I dare you to buy it and tell me I am wrong. Usually, I am wrong, however THIS time I am fracking positively beautifully correct.
Her post drew a lot of comments, with others suggesting that it might actually taste more like a Burger King Whopper, or McDonald's Big Mac. I suppose that sooner or later we will know for sure, if anyone still cares, but this also shows how, if you try to live by the internet, you may also die by the internet--no secret is entirely safe from this collaborative medium.
But the bottom line is that the chips just didn't taste very good, and I don't think that any one of us would buy them again, even knowing what they're supposed to be. Especially knowing what they're supposed to be.

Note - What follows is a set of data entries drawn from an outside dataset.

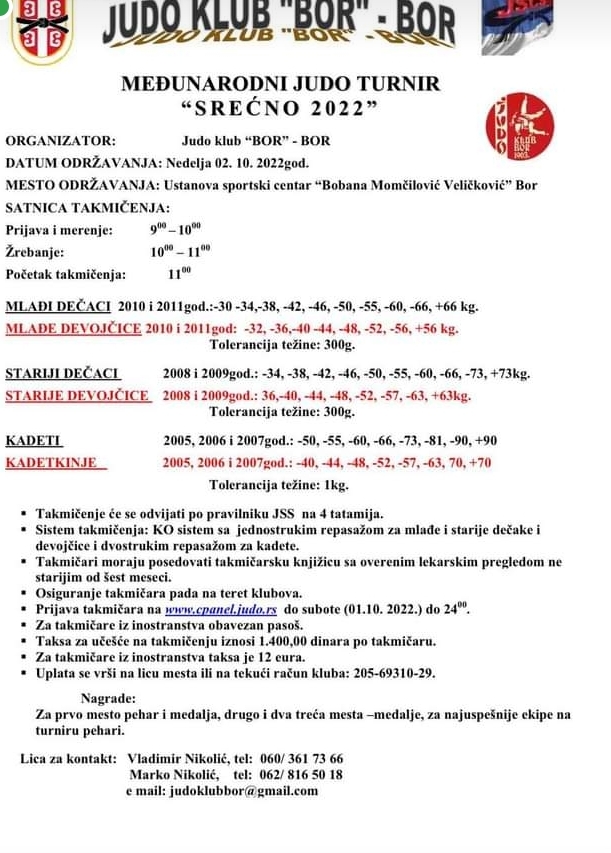 У Џудо клубу „Бор“ се полако спремају за Међународни џудо турнир „Срећно 2022“, који је на програму 2. октобра у Бору. Представници једног од најуспешнијих борских спортских клубова најављују прави џудо спектакл првог викенда октобра, који ће окупити најбоље младе такмичаре узраста од 10 до 17 година из Србије и региона.
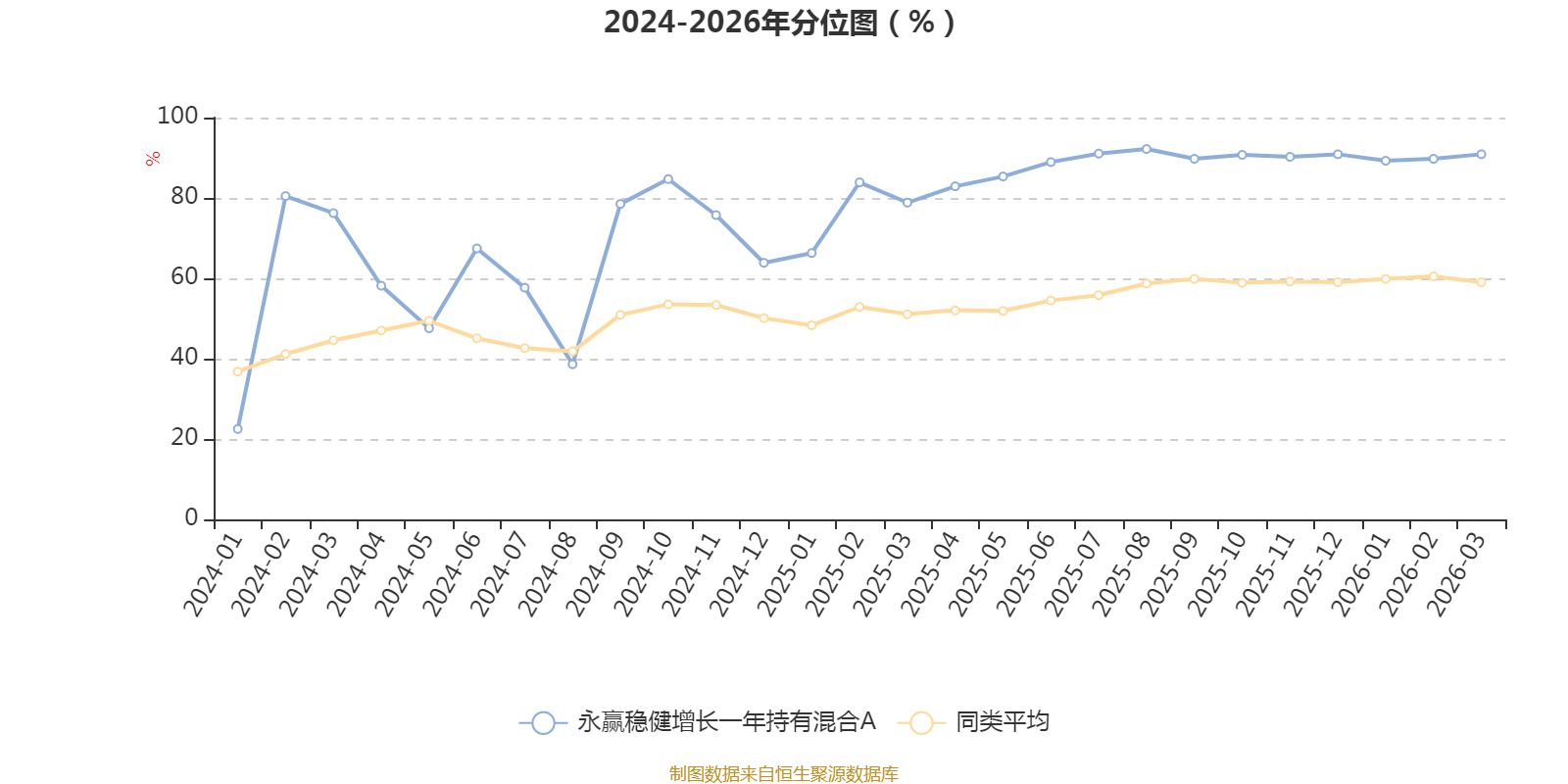 通过所选区间该基金净值增长率分位图,可以观察该基金与同类基金业绩比较情况。图为坐标原点到区间内某时点的净值增长率在同类基金中的分位数。
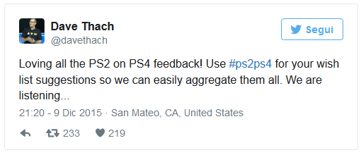 Con l’emulazione di PlayStation 2 ormai disponibile su PlayStation 4, Dave Thach di PlayStation Worldwide Studios ha lanciato su Twitter l’hashtag #ps2ps4, chiedendo agli utenti PlayStation quali giochi vorrebbero vedere emulati sull’ammiraglia di casa Sony.
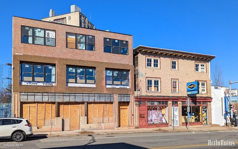 A sliver of an 1829 structure survives under this turn-of-the-20th-century vaudeville theatre turned movie house turned commercial storefronts
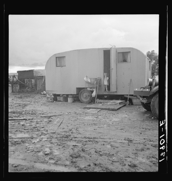 Orange packer of Sunkist oranges. Self-built trailer. California
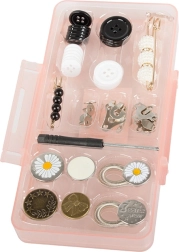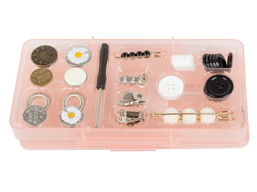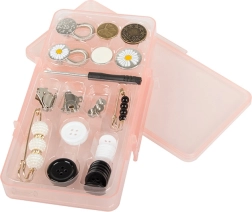 El kit incluye agujas, hilos y botones de distintos tamaños, lo que permite un uso amplio para diversos tipos de reparaciones.
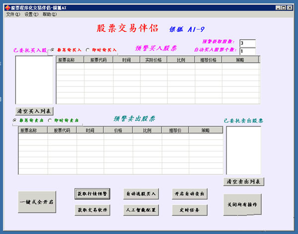 2、不知如何选股进行买或卖的用户:本软件默认设置的买卖策略,是自己编制的一套通达信公式预警策略,会筛选出上升通道趋势买卖点的股票进行自动买卖。

But with advertising like this, who needs products in the first place? Just ride, captain, ride, upon your mystery chip.
2 comments:
You know, I was in the store just yesterday, and saw a similar bag, and wondered what it was. (But I was in a rush so didn't look it over). However, just think how hard it is to get my (or your)attention in the chaos of the chip bag aisle. So I guess they succeeded in that way. I mean, we are blogging about a bag of chips, for goodness sake. (that advertising exec gets a nice bonus this year).
You know what is next, right? A television show based on a mysterious bag of chips. :)
I appreciated that you tasted them for me and announced that they weren't so good.
Thanks
Kevin
You are very welcome, Kevin. It is the obligation of the media ecologist to function as a Distant Early Warning system, after all, or should I say a canary in a coal mine?
In any event, I think your idea about a television show is brilliant. It could include an ensemble cast playing a bunch of characters who have no obvious connection to one another, but whose pasts are somehow interrelated in subtle ways, and are drawn together by the mystery of the bag, as the new flavor formula turns out to be a secret code developed by a 15th century Renaissance artist/scientist that, if fully understood, could bring on the end of the world, and as each character realizes that they have powers and abilities beyond mere mortals due to genetic change brought on by eating this new product, they realize that they only have 24 hours to stop the terrorist plot, so they disguise themselves as LA Highway Patrol officers as they desperately search for the radioactive material that gives this snack its special tang, yes it's Erik Estrada starring in CHIPS 2007!